• **Task requirements**: The required answer is the run of lines from the one holding "- Metalen schuiflade" to the end of the data below, copied exactly and free of pictures.

• **Data**:

»»

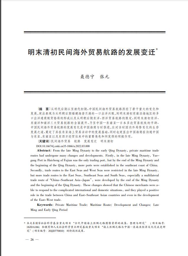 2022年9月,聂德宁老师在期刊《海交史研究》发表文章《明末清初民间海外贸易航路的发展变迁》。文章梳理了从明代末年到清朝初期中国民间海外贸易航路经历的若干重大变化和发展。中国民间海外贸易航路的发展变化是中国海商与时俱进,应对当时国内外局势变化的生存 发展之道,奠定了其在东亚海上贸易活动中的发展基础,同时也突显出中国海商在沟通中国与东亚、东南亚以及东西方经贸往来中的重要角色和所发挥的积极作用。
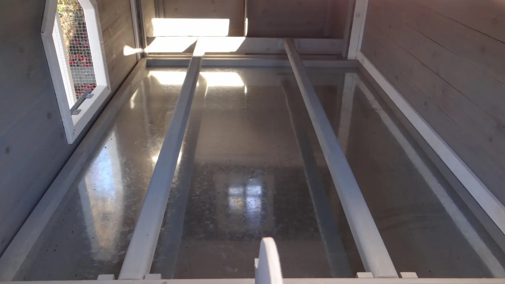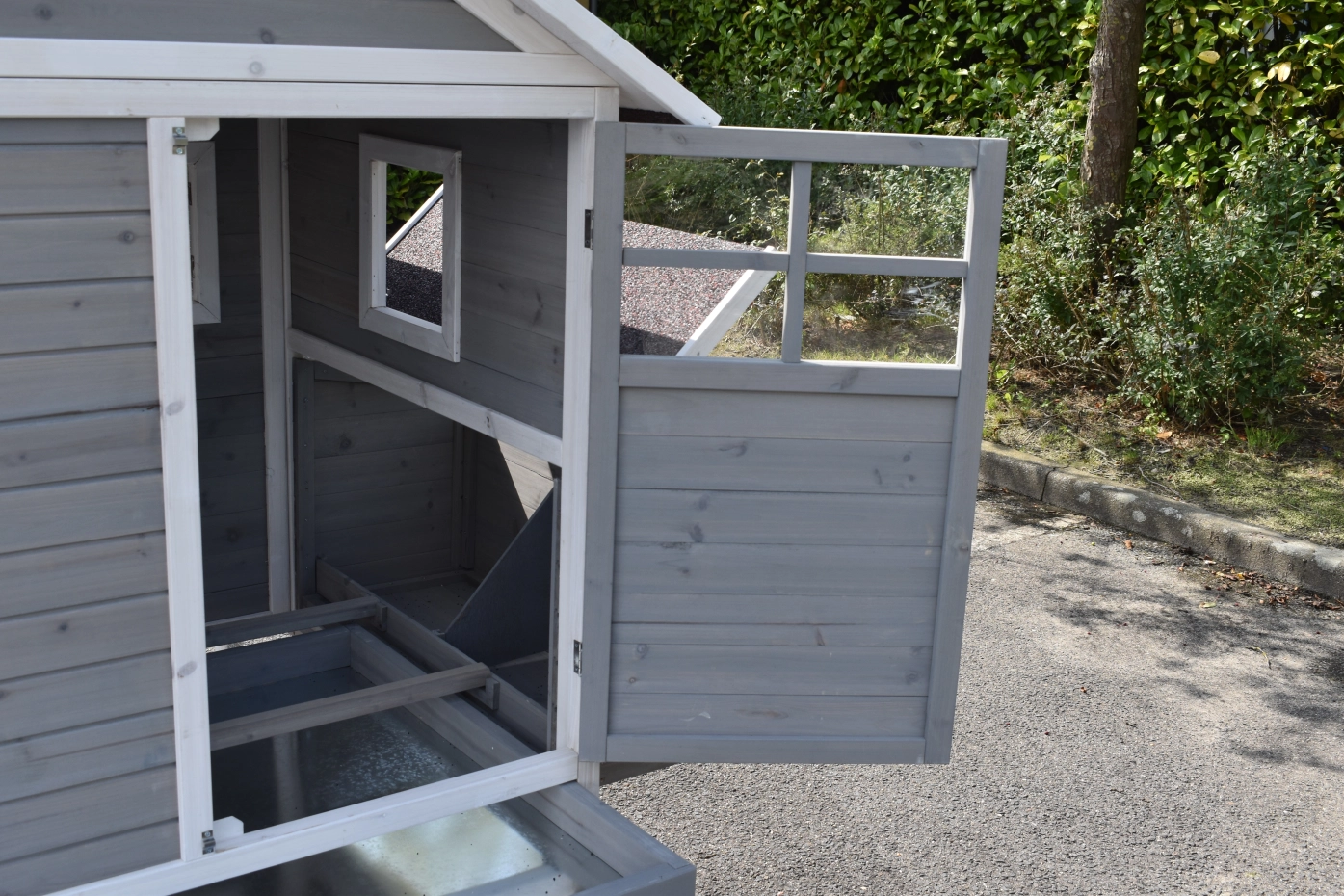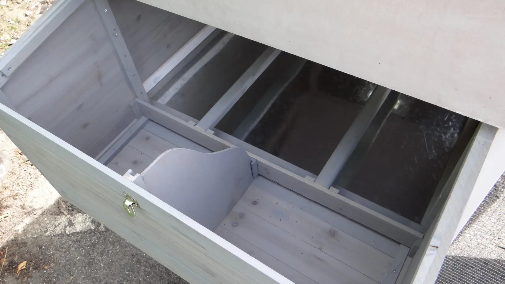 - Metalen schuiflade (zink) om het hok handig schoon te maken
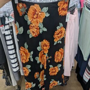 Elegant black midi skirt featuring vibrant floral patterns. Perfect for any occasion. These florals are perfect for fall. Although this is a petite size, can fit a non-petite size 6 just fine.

««

• **Written response**:
 - Metalen schuiflade (zink) om het hok handig schoon te maken
 Elegant black midi skirt featuring vibrant floral patterns. Perfect for any occasion. These florals are perfect for fall. Although this is a petite size, can fit a non-petite size 6 just fine.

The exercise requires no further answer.